The survey results reflect the on-going concern regarding elemental contamination of drinking water. Studies of arsenic in well water indicate wide-spread issues in the conterminous U.S. with risks that may increase with drought conditions.^3,4 Excessive concentrations of lead in municipal drinking water occur periodically in the U.S. due to the complex interactions of lead service lines, domestic plumbing fixtures, municipal water disinfection approaches, the chemistry of the source water.^5–8

Water aesthetic properties (taste and odor) were also frequently reported in the SIUE study as a reason for preferring bottled water. Drinking water aesthetics have contributions from organic and inorganic species. This study was limited to inorganic species of which copper, iron, and sodium are the major contributors.⁹ Manganese has often been identified as a contributor to taste and odor at small concentrations but more recently its effect has been questioned and appears to require impractically large concentrations (> 75 mg/L) to be perceived by organoleptic methods.¹⁰ The typical limits for aesthetic guidance of iron is 0.3 mg/L and 0.4 mg/L for copper.^11,12 The importance of inorganic contributors to taste and odor is emphasized by the USEPA’s secondary maximum contaminant levels for Al, Cu, Fe, Mn, Ag, and Zn which are intended to control negative aesthetic effects and promote consumer confidence in the quality of the water.¹³

An additional concern among those surveyed at SIUE was the amount of waste produced by consuming bottled water and its overall climate impact. The use of bottled water carries much greater total consumption cost than tap water. The energy required to bring bottled water to consumers was estimated between 5 and 10 MJ/L.¹⁴ This compares to about 0.0013 MJ/L to 0.013 MJ/L to supply tap water to customers for a surface water source and a desalination source, respectively.¹⁵ The energy estimate does not consider the energy cost of the plastic waste generated by bottled water. A life-cycle assessment study of bottled and tap water found that bottled water generated 10 to 20 times more solid waste mass than tap water and 6 to 32 times the greenhouse gas emissions.¹⁶

One approach to mitigating the issue of elevated toxic metal concentrations in drinking water, controlling aesthetic quality, and avoiding the excessive energy consumption of bottled water is the broad implementation of point-of-use filters. For people served by public water systems, the point-of-use filter becomes the last phase in an overall purification system that starts at the source water.^17,18 For people who rely on private well water, a point-of-use filter may be the only water treatment. Tabletop water filters or pour-through filters present an inexpensive option to improve both the safety and aesthetic qualities of drinking water.^19–21 Studies of point-of-use filters indicate some inconsistency in performance and break through of lead phosphate particles under specific conditions.^22–24 A longitudinal study of lead removal by solid-block activated carbon point-of-use filters for private well water demonstrated effective removal of lead for at least 250 days under typical residential use conditions.²⁵ These recent studies add to the growing understanding of the actual suitability of point-of-use filters for elemental contamination and the failure modes of these mass-produced filters. The ability of point-of-use filters to enhance drinking water quality is not fully characterized and merits additional study.²⁶ The study presented here aims to add to the understanding of the efficacy of point-of-use filters under conditions that simulate consumer use. In particular, this is a longitudinal study that assesses the changes in filter behavior over the designed capacity of the filters and examines the filtering efficiency when presented with a multi-element spike.

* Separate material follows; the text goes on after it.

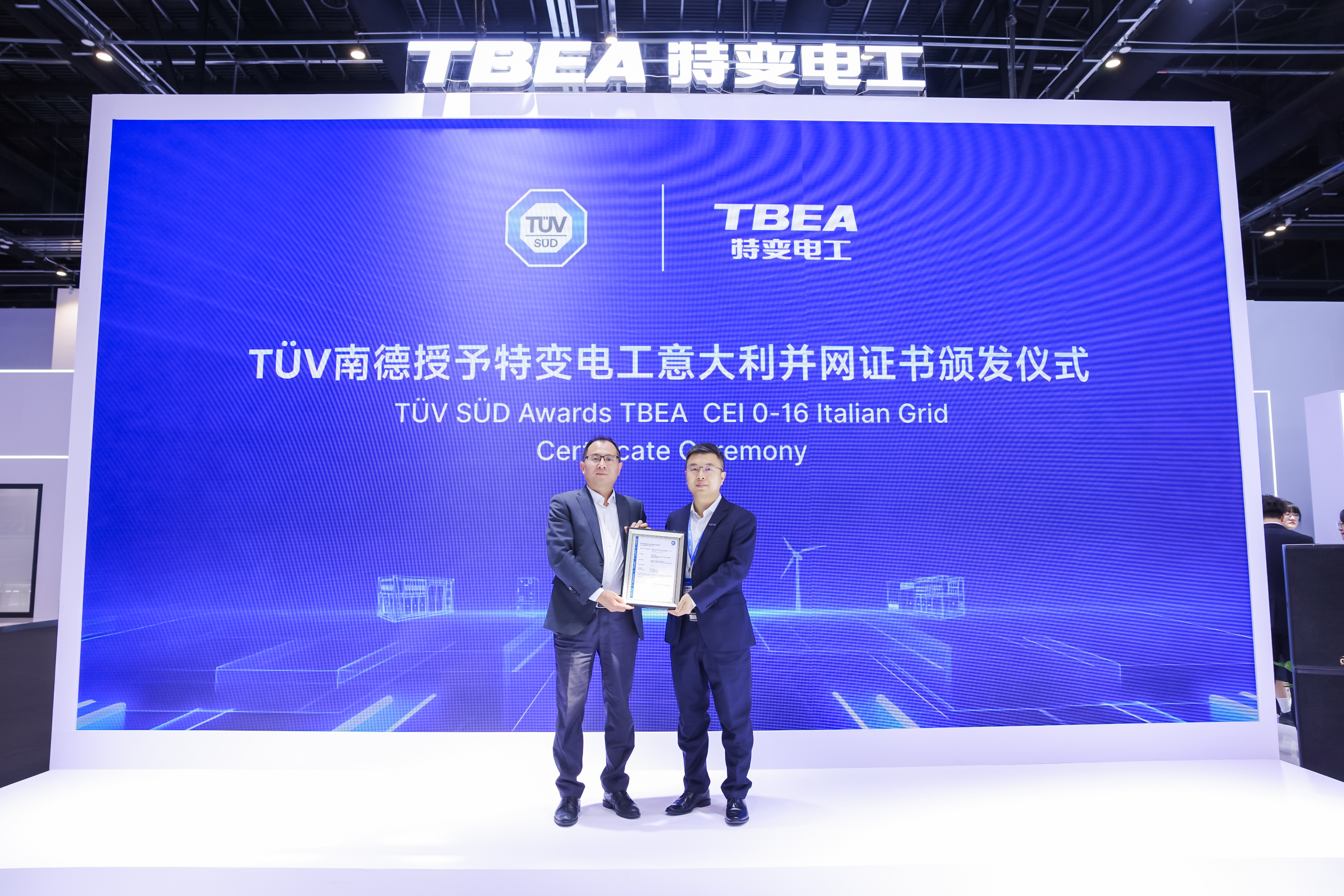 所谓储能变流器,可以通俗地理解为一个大型智能“充电宝控制器”,负责管理储能电池与电网之间的充放电。此次获得认证的特变电工产品,首先通过了意大利中高压电网接入认证。该认证由国际知名检测机构TÜV南德意志集团颁发,被誉为意大利中高压电网接入的“技术护照”。取得这一认证,意味着该产品能够安全、稳定地接入意大利各类中高压配电网,具备规模化应用能力。

The study presented here examined the tap water available at SIUE and the effects on water quality of using inexpensive pour-through filters. The inorganic water quality properties of tap, filtered tap, and bottled water were evaluated to identify health concerns and contributions to unpleasant aesthetics. The effectiveness of four pour-through water pitcher filters to remove 24 elements from drinking water was assessed. The performance of the filters was monitored over a 3-month period with daily additions of tap water to simulate at-home usage up to and beyond the designed capacity of the filters. Spiked tap water samples were used to assess the capacity of the filters to remove elements during and at the end of their designed capacity. Additionally, several bottled waters readily available to the SIUE community were analyzed to place the water properties of bottled water in context with filtered tap water.

Experimental

Tap water was gathered from a potable water outlet on the SIUE campus which receives its water from a municipal water distribution system. Water was collected in a 25 liter polyethylene carboy and no less than 10 liters were collected each day so that all filters received water from the same aggregate source. The tap water valve was fully opened for no less than 60 seconds prior to collecting to avoid “first draw” bias.²⁷ This approach to water collection resulted in the water in this study being representative of the drinking water as it arrived to the campus but excluded elemental contributions from the corrosion of plumbing fixtures at the outlet.

The water filters selected for this study were granular activated carbon with ion exchange. Three of the filters (CS, OS, and YS) ¹ were NSF 42 and 53 certified. The MV filter claims to remove Pb from the water but lacked the NSF certification. All of the filters were pour-through pitcher type filters with a pitcher capacity from 1.5 to 2.0 L. Two sets of the filters were used for the study, divided into two rounds. The first round filtered 1 L of water daily to a total volume of 47 L. The second round filtered 3 L daily to a total of 163 L.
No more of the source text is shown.